What was that like, Colorado’s first Jewish Army National Guard Chaplain being sworn in by Colorado’s first Jewish Governor?
That was a terrific honor on so many levels. The governor is the state’s commander-in-chief, so it was also a very logical choice to have him swear me in because he’s my commander. As a Jewish governor, I think we were highlighting a statement that he’s made that – especially in this country – even if you’re part of a minority, there is no reason why you can’t succeed and even go all the way to the top. On the contrary, this is a country that celebrates those differences in the unity that comes as a result of being the many colors of a rainbow. I’m very thankful for it. And thankful to God that at the age of 45, I could complete boot camp, which certainly wasn’t a given. I wasn’t the fittest rabbi in the world.
Were you required to do basic training?
While as a chaplain you are considered a noncombatant, you’re expected to be with the troops, and that means keeping up with the troops wherever they are. So you are expected to keep the same levels of fitness as the soldiers that you’re with, and that required three months of intensive training.
And of course, a lot of it was the physical component. We trained fairly regularly – up every day at 4 a.m. for the usual running, pushups, sit-ups, a variety of activities and training for ruck marches where you have to carry a certain amount of weight and traverse a certain amount of miles in a certain amount of time. Personally, it was like a little boy’s dream come true. It was really just a phenomenal experience, and I loved learning every aspect about it.
Every year – except during the pandemic – you’ve brought survivors of the Holocaust to campus to speak to the students and the community as part of Holocaust Awareness Week.
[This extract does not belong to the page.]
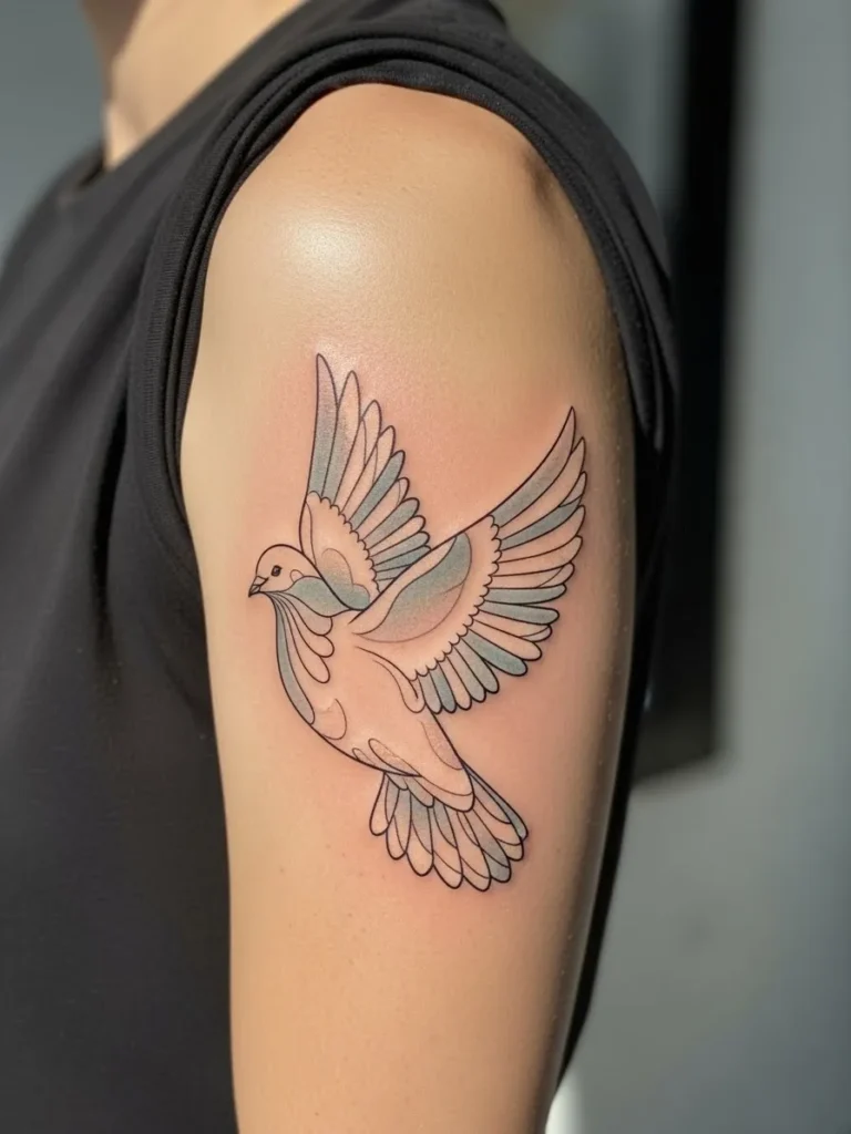 Placed on the outer upper arm, this medium sized dove tattoo shows the bird mid flight with soft pastel blues and gentle peach tones in the wings. The fine line work keeps everything crisp, while the light shading gives it movement without losing that clean modern look. It sits beautifully on the arm and feels balanced from every angle.

Why is that important to continue?
I would not say the sum total of my Jewish identity or of any Jewish person should be the Holocaust or persecution. On the contrary, it should be about living joyously and creating purpose and the great accomplishments the Jewish people have thus performed for the world and will continue to. But to remember the sacrifices of those martyrs, those that were murdered in genocide that the world has never seen – and hopefully will never see again – is very, very important, as much for the Jewish people as for the community around us. As a member of a family that survived, in part, the Second World War and the horrors of the Holocaust, I feel it’s our duty to ensure that in this last generation — the Holocaust survivors are now in their late 90s, the few that are still around and are even healthy enough – we need to continue to provide those opportunities to this generation to hear living testimony from them. Not to highlight the negativity, but to highlight the positivity.
Every survivor who has come to campus has had an extraordinary positive message of prevailing hope and optimism and love. We’ve never had one that called for anything else. If anything, it’s a reminder and an inspiration to those that are struggling in their own world that we can emulate these heroes. We can find a way forward just like they did in places that were subhuman, were hell on Earth.
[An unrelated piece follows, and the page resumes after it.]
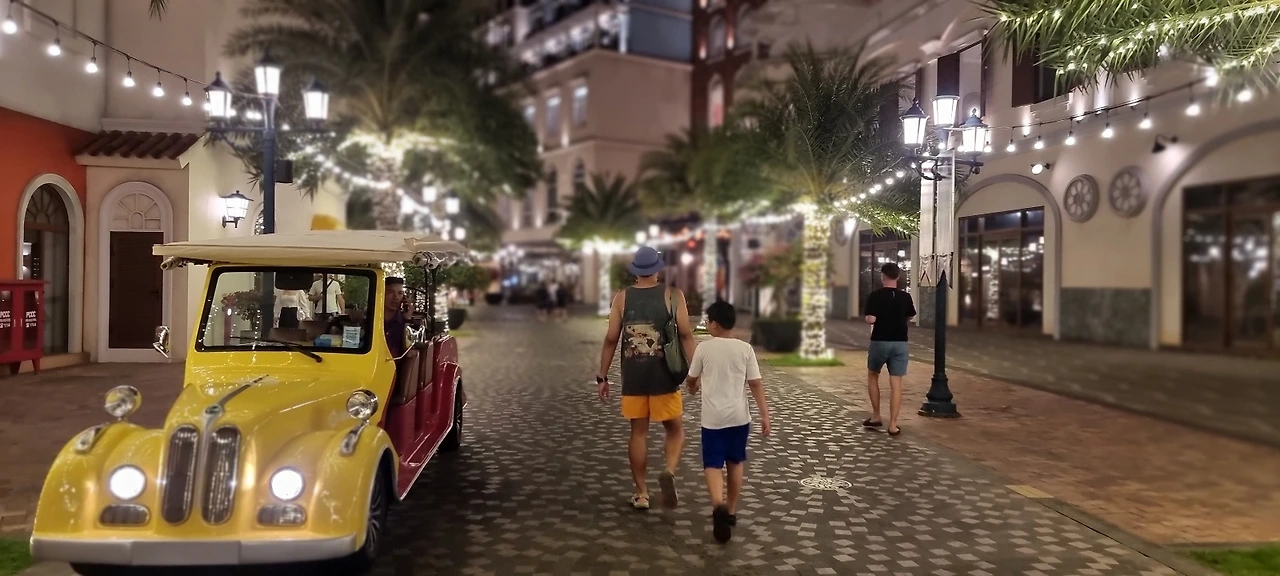 선셋 타운은 이름처럼 아름다운 일몰을 감상할 수 있는 지역으로 썬그룹의 특별 프로젝트로 설계된 단지이다. 푸꾸옥 섬의 남서 해변에 위치한 곳으로 아름다운 건축물, 쇼핑 단지, 레스토랑, 엔터테인먼트 등 관광객들을 끌어당기는 요소들의 집약소라 볼 수 있다. 워낙 유명한 데다 호텔에서부터 왕복 무료 셔틀이 있어서 여러 번 방문할 수 있었다. 푸꾸옥 섬 내에서 선셋 타운까지 호텔을 도는 무료 순환 버스 배차는 관광객들의 접근성을 높이는 이곳만의 전략적 특징이라 할 수 있다. 2층 버스의 오픈 데크에 자리를 잡고 앉으면 선셋타운까지 가는 길에 즐비해 있는 유럽풍의 다채로운 건축물들 까지 감상할 수 있다.

They want to inspire others to do good. They want to inspire joy and light and resiliency and hope, and we want to be able to keep that going as long as we possibly can.
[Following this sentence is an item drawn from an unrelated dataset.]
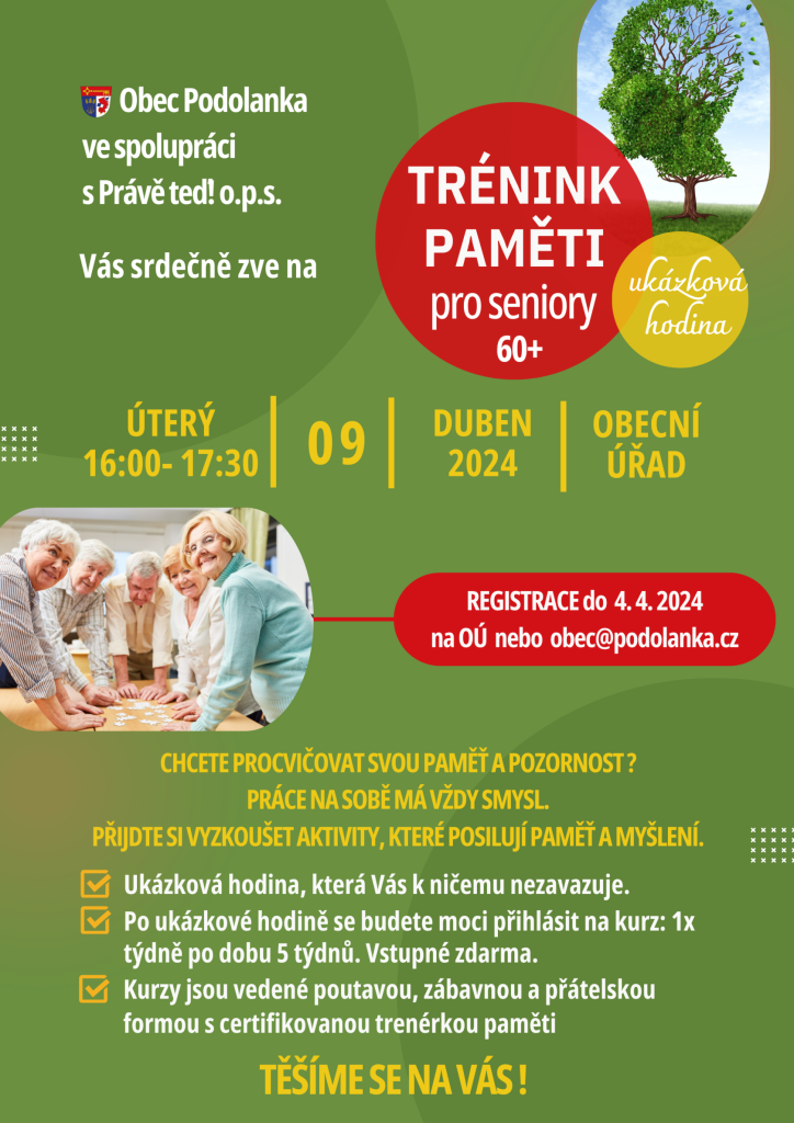 V úterý 9. 4. od 16:00 se koná ukázková hodina kurzu Trénink paměti pro seniory 60+.

Any final thoughts that you’d like to share with the CSU community?
I really just want to encourage people. You may be living in extraordinary times now – and I think we are – and those extraordinary times have come with some extraordinary challenges. But one thing Judaism is very emphatic about – and I think it’s been the reason for Jewish survival and Jewish success despite what’s been thrown at the Jewish community – is that in every moment of darkness, there’s a greater light waiting to be unearthed. It’s the way we operate as human beings.